NASIR: By the way, I think we need to make a correction because it looks like, you know, I’m going back into time here, back in 2014, the EEOC is claiming that obesity is a disability under the ADA. But I think there’s been a string of cases that it’s been hard for them to prove that because of the reasons discussed before that even if obesity could be termed as a disability, you still have to show that physiological cause that caused the obesity. You still have to show that there’s an impairment for a life activity and so forth. Or you still have to show that not only is it regarded as a disability but the discriminatory act or adverse action was because of that disability or they didn’t accommodate that disability. But it looks like we do have to make a correction. I’m trying to figure out what the EEOC’s position is but it seems like they’re still leaning towards that it is a disability. Reading more into their basis – which, again, is what I was saying prior – is that, with obesity, there must be some kind of underlying condition. But because they’re saying that, in 2008, the ADA was amended a little bit and basically expanded the threshold for what constitutes obesity, that even without any underlying condition, obesity itself sufficiently impacts life activities when it comes to bending, walking, digestion, whatever, and to qualify itself as a disability. There you go. EEOC is going to take that conservative stand so I would go back to what I was saying that, even if you’ve seen cases that have gone the other way in the employer’s favor, I wouldn’t be surprised when you have employees of that size, you’re still taking a risk.

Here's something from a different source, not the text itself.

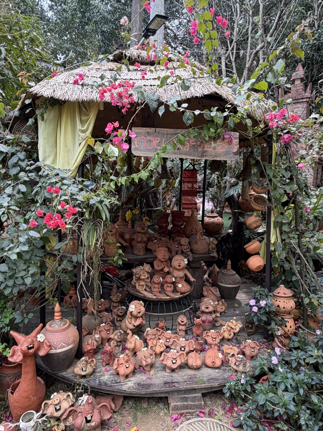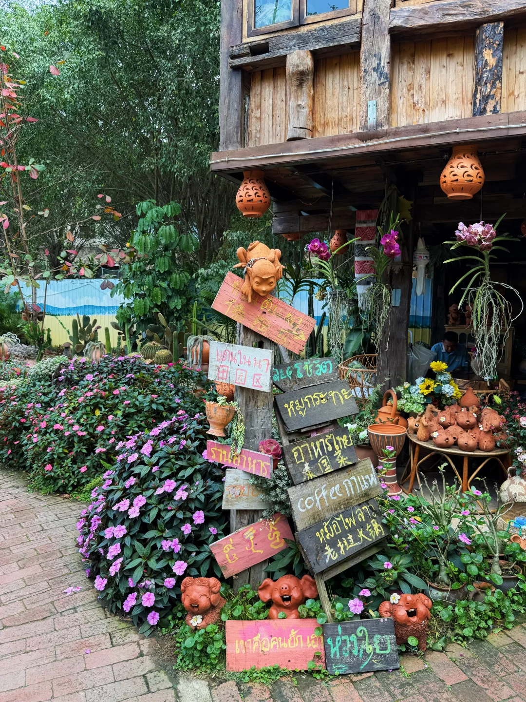 📍多肉别院·傣陶田野咖啡(图9–16),这是离机场很近的一家庭院餐厅,一进小院,满屏的绿植多肉、还有很多陶器制品,花花绿绿好漂亮!庭院中央泰式竹楼、绿池和小船拍出来像泰兰德一样。可以安排在到达或离开版纳的时候去,或吃饭、或下午茶,或拍照,都不会让人失望。

MATT: I was reading a little bit more on this and they’re saying, “Where do we draw the line?” It could open up this door to all these other different things that people can claim are disability and we’re not going to get into this but one of the things it brings up is – and I only bring this up because it’s in the news this week very heavily and last week – gender identity disorders.
NASIR: Yeah.
MATT: I think that’s probably the next big hot topic that I think is going to come through now that we have a face on that sort of topic. It’s going to become very popular and I think there’s going to be a lot of opinions and we’re going to see – I’m sure there’s already been cases, I haven’t looked into it but I think it’s going to be even more so.
NASIR: Yeah, and I think we may have discussed – or at least touched on – in the past that a lot of states don’t have any protections for sexual orientation and definitely those states don’t have any protections for transgender or transsexual kind of classes of people. When it comes to the ADA, understand that disabilities can be both physical or mental so, if there’s some kind of gender identity issue that’s considered to be some kind of mental impairment, then that could be construed as a disability under the ADA. But whether a major life activity is somehow limited somehow by that, I’m not sure. But the point being is that – you’re right – this is something that we’re going into new territory as to how the ADA may apply to other situations, especially obesity. Obviously, it’s only become more recent because of the obesity problem in the United States.
MATT: Yeah, I don’t know what the numbers are but it’s a lot more than it was even a decade ago. We talked about this last week too. I mean, on the podcast with the wellness programs and this kind of ties into that and it’s all kind of goes into one big topic. It’s just another one of those things that employers need to take into consideration when deciding to not hire someone or fire someone or treat someone a certain way. I know this is all very vague what I’m saying but it’s just another thing for employers to worry about.
NASIR: Yeah. All right, guys. Well, thanks for joining us.
MATT: So abrupt. Keep it sound and keep it smart.